In a HRM study of methylation differences in an amplicon containing 21 CpG dinucleotides at the SNPRN locus, EvaGreen was compared with LCGreen Plus and Syto9 in statistically significant number of samples. EvaGreen gave most robust result and lowest failure rate [37].

We have shown that EG also possesses other physical properties that should make the dye readily adaptable to current instrument settings and protocols for both qPCR and melt curve analysis. The absorption or excitation peak at 500 nm of the DNA-bound EG well encompasses the wavelengths of some of the common excitation sources such as the 488 nm argon laser or the blue LED light equipped in commercial qPCR instruments. The emission wavelength (530 nm) of the DNA-bound dye also matches well with the FAM detection channel. In the absence of DNA, EG exhibits a weak background fluorescence, which is slightly more pronounced than SG. This turned out to be a benefit for the Bio-Rad iCycler IQ PCR instrument because the background fluorescence of EG is sufficient for well-factor correction, which is normally accomplished by adding FAM to the PCR mix. The nucleotide-independent DNA binding property of EG also could be an advantage, particularly for multiplex PCR, where multiple templates may be amplified in a manner more reflective of the individual template concentrations. We observed that EG appears to be stable both under typical PCR condition and during storage in an alkaline buffer at lower temperatures, thus facilitating its routine handlings.

Conclusion

Our results suggest that the unique DNA-binding properties of EG could be responsible for the observed relatively low PCR inhibition and relatively low tendency to cause nonspecific amplification by the dye. An ideal qPCR dye is supposed to possess optimal affinity for dsDNA to ensure detection sensitivity without adversely affecting the dsDNA melting step or promoting regional stem-loop structure during the chain extension phase, and at the same time it should have low or no affinity for ssDNA and short DNA fragments. We therefore propose that a DNA dye that substantially relies on electrostatic interaction for its DNA binding may not be ideal for qPCR application because such a dye may bind to ssDNA with significant affinity and is thus more likely to interfere with the chain extension step. The relatively low PCR inhibition of EG can be exploited for several benefits. First, the dye may be used at a relatively high concentration (i.e., 1.34 μM), which should provide a robust PCR signal as well as a strong and sharp DNA melt peak. Second, the use of a relatively high dye concentration in qPCR eliminates dye redistribution problem, making the dye suitable for HRM application in a closed-tube format. Third, EG may be suitable for qPCR using a fast cycling protocol. Finally, we have also shown that EG is both spectrally compatible with existing instruments and very stable. These combined features of EG should make it a promising dye for both qPCR and other related applications.

Methods

Materials

EvaGreen (EG) at 20× was from Biotium (Hayward, CA). SYBR Green I (SG) at 10,000× in DMSO was from Molecular Probes (Eugene, OR). Lambda DNA (λDNA), Thermus brokianus genomic DNA (Tbr DNA) and cDNA were from New England Biolabs (Ipswich, MA), ATCC (Manassas, VA) and Clontech (Mountain View, CA), respectively. All oligonucleotides were synthesized on an Experdite 8909 oligonucleotide synthesizer (Applied Biosystems, Inc., Foster City, CA). Power SYBR Master Mix was from Applied Biosystems, Inc. Other common chemicals were purchased from VWR.

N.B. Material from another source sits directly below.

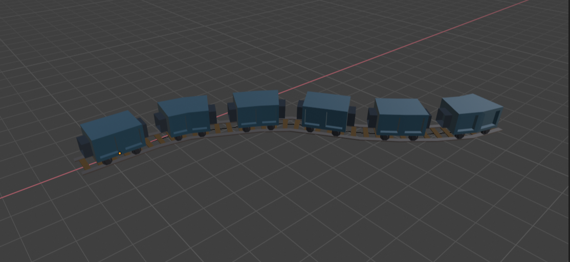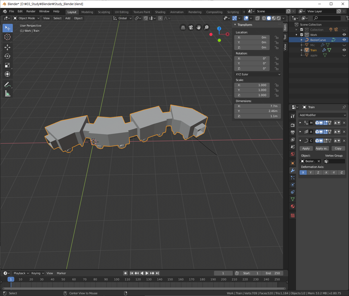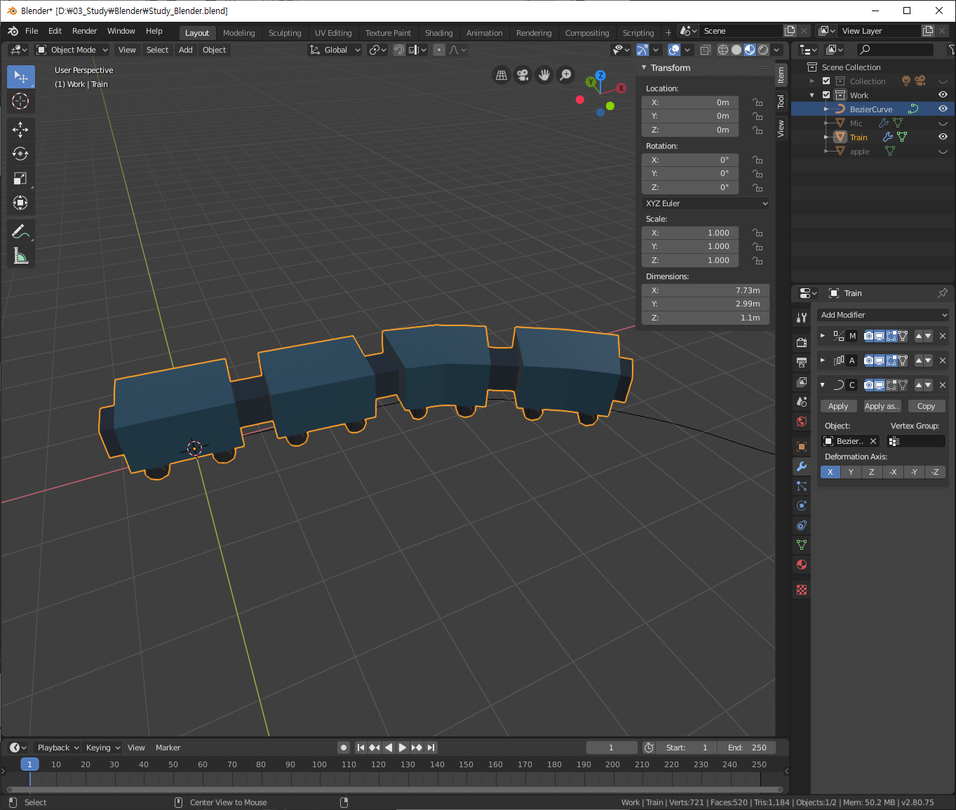 간단하게 열차모양을 준비했는데 Mirror Modifier가 적용되어 있는 상태 입니다.

Extinction coefficient of SYBR Green I

Zipper, et al. elegantly revealed the structure of SYBR Green I using a combination of analytical techniques [27]. The dye was reported to be an asymmetric cyanine dye with a tertiary amine side-chain. The authors reported an extinction coefficient of 73,000 for the dye, but did not disclose what parameters were used to derive this number. Separately, by using ion chromatography, the authors found the total anion concentration to be at least 18.5 mM. Assuming that total anion concentration equals to SG concentration and "simplicity for manufacturing reasons", they proposed the commercial SG at 10,000× in DMSO to have a molar concentration of ~19.6 mM.

However, we believe that this proposed dye concentration was in error, for that inconsistencies will arise if the number is followed. The manufacturer's certificates of analysis accompanying the dye usually list a lot-specific optical density of 0.48 ± 0.3 at 494 nm following a 1:1205 dilution (which we confirmed experimentally for a specific lot we have). Using 0.48 × 1205 as the average optical density value and the 19.6 mM dye concentration reported by Zipper, et al., the extinction coefficient would have been ~29,500, a number which is not in agreement with the 73,000 M-1cm-1 value reported by Zipper, et al. and dramatically different from the extinction coefficients of dyes in the same class. For example, TO-PRO has an extinction of about 60,000 (Haugland, R.P. (2001) Handbook of Fluorescent Probes and Research Chemicals, 8th ed. Molecular Probes, Inc. Eugene, OR).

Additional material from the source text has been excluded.